▶ **What you should do**: Return every line of the data below exactly, but do not include the images.

▶ **Recorded information**:
┄┄┄┄┄┄

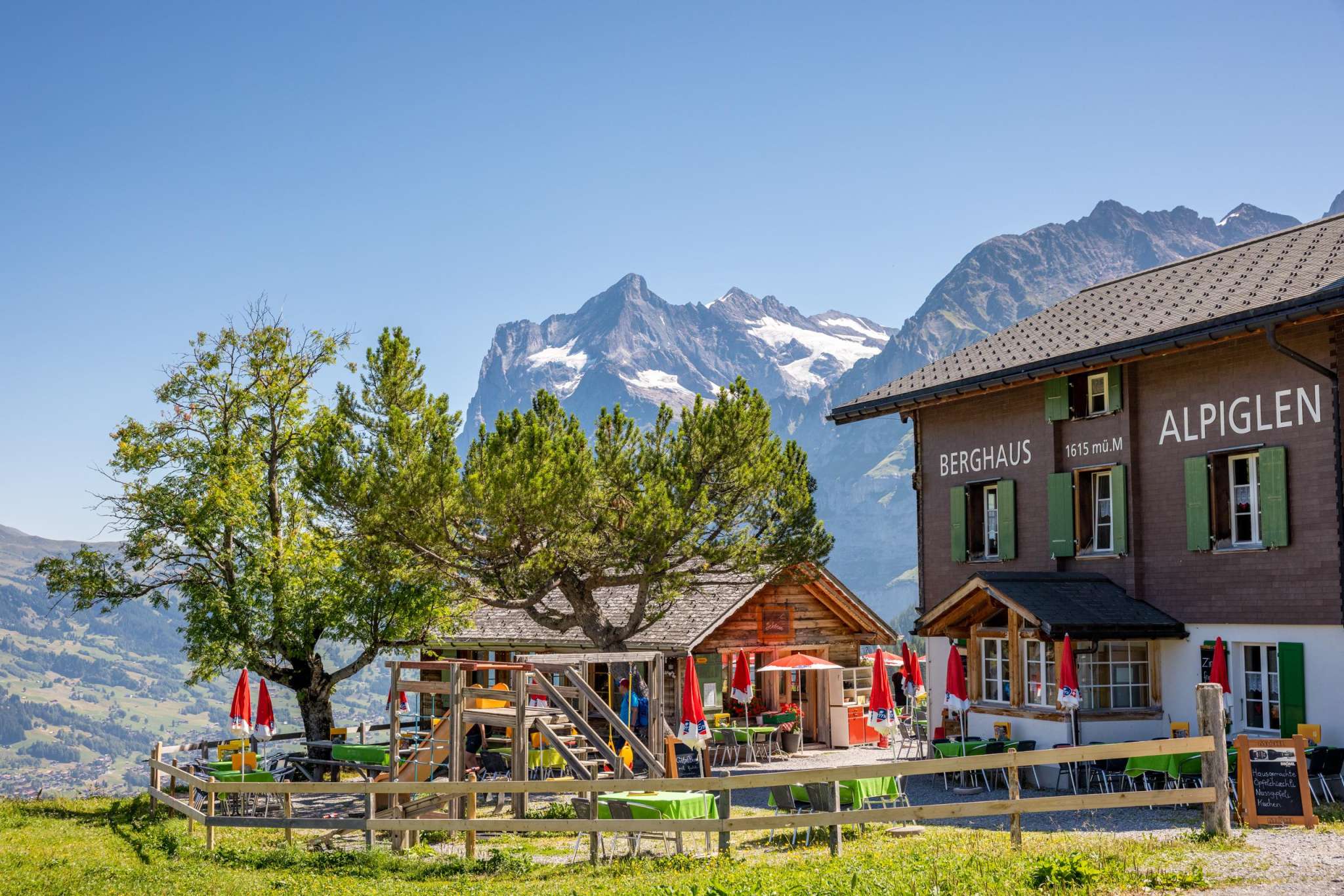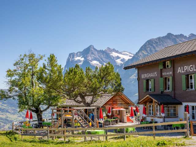 Après une longue randonnée, tu peux reprendre des forces au Berghaus Alpiglen, tandis que les enfants peuvent continuer à se défouler sur l'aire de jeux. Le tout avec une vue magnifique sur les montagnes environnantes.
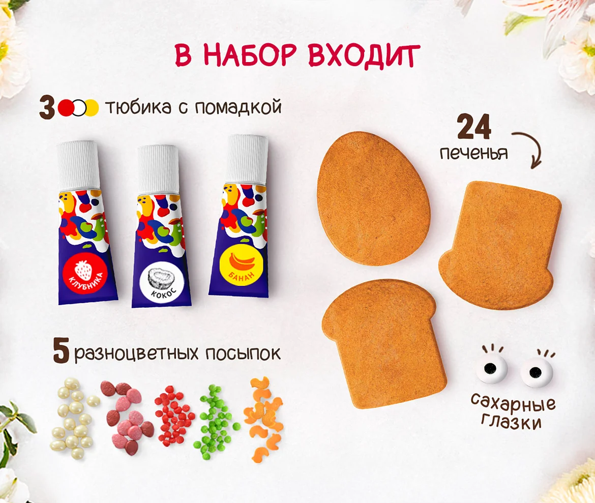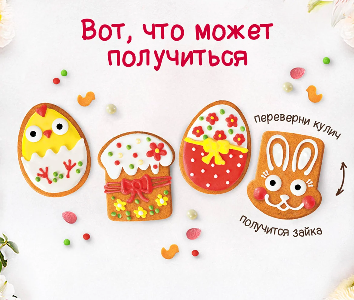 Погрузитесь в весеннее волшебство с нашим пасхальным набором для раскрашивания печенья! Этот очаровательный комплект включает фигурное печенье, разноцветные помадки и яркие сладкие посыпки. С помощью помадок и посыпок печенье можно превратить в праздничный кулич, пасхальное яичко, милого цыпленка или зайчика. Создайте свои маленькие шедевры, наполнив их красками и радостью. Идеально для семейного творчества, подарка или уютного праздничного вечера — этот набор превратит подготовку к Пасхе в настоящее приключение, полное вкуса и вдохновения!
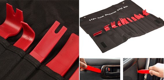 11 предметов предназначены для снятия пластиковых клипс, молдингов, декоративных накладок, а также элементов облицовки автомобиля.
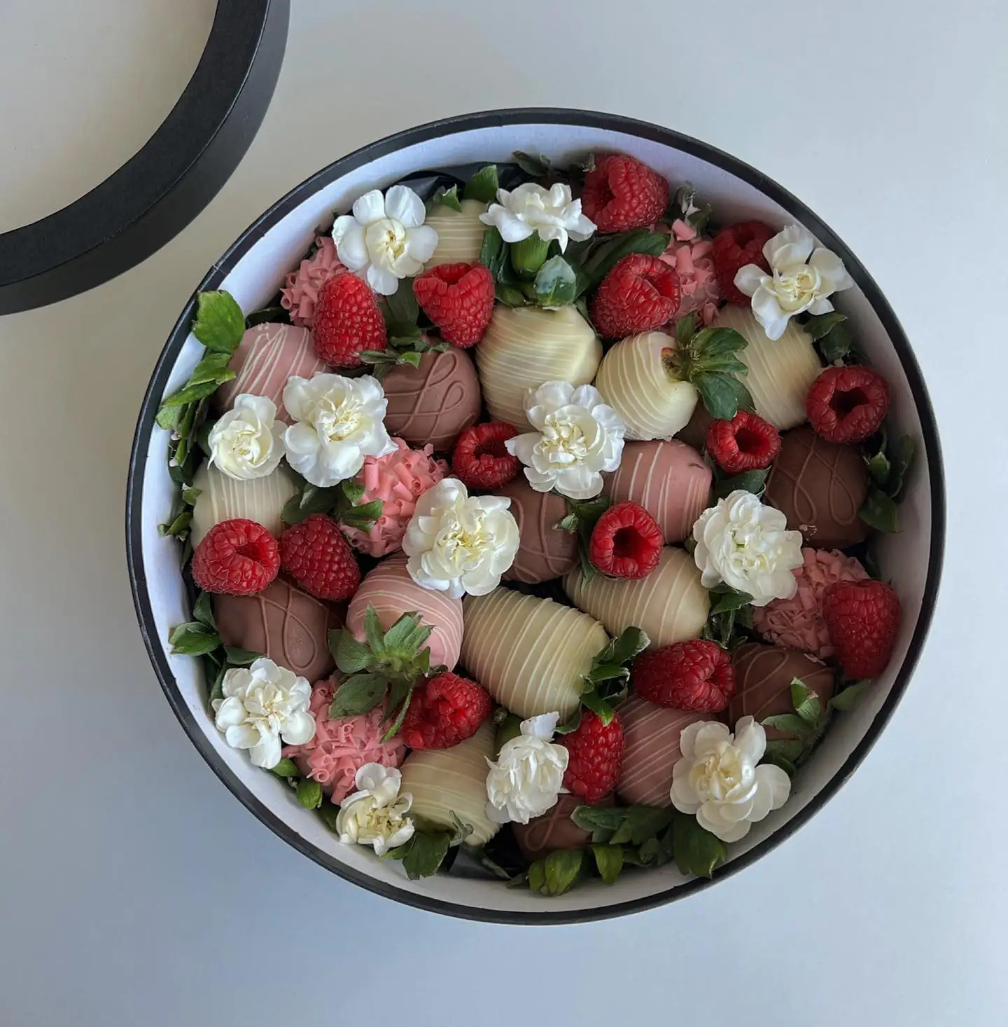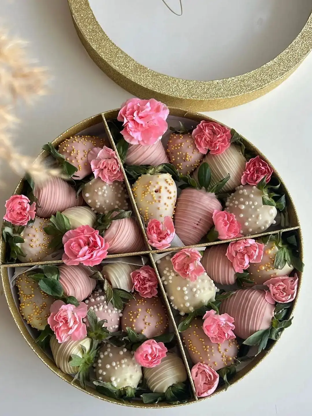 • ROUND GIFT BOX WITH DIVIDER – Designed with internal sections to neatly organize strawberries, chocolates, or pastries, preventing items from shifting and keeping them in perfect condition.

┄┄┄┄┄┄

▶ **Worked solution**:
 Après une longue randonnée, tu peux reprendre des forces au Berghaus Alpiglen, tandis que les enfants peuvent continuer à se défouler sur l'aire de jeux. Le tout avec une vue magnifique sur les montagnes environnantes.
 Погрузитесь в весеннее волшебство с нашим пасхальным набором для раскрашивания печенья! Этот очаровательный комплект включает фигурное печенье, разноцветные помадки и яркие сладкие посыпки. С помощью помадок и посыпок печенье можно превратить в праздничный кулич, пасхальное яичко, милого цыпленка или зайчика. Создайте свои маленькие шедевры, наполнив их красками и радостью. Идеально для семейного творчества, подарка или уютного праздничного вечера — этот набор превратит подготовку к Пасхе в настоящее приключение, полное вкуса и вдохновения!
 11 предметов предназначены для снятия пластиковых клипс, молдингов, декоративных накладок, а также элементов облицовки автомобиля.
 • ROUND GIFT BOX WITH DIVIDER – Designed with internal sections to neatly organize strawberries, chocolates, or pastries, preventing items from shifting and keeping them in perfect condition.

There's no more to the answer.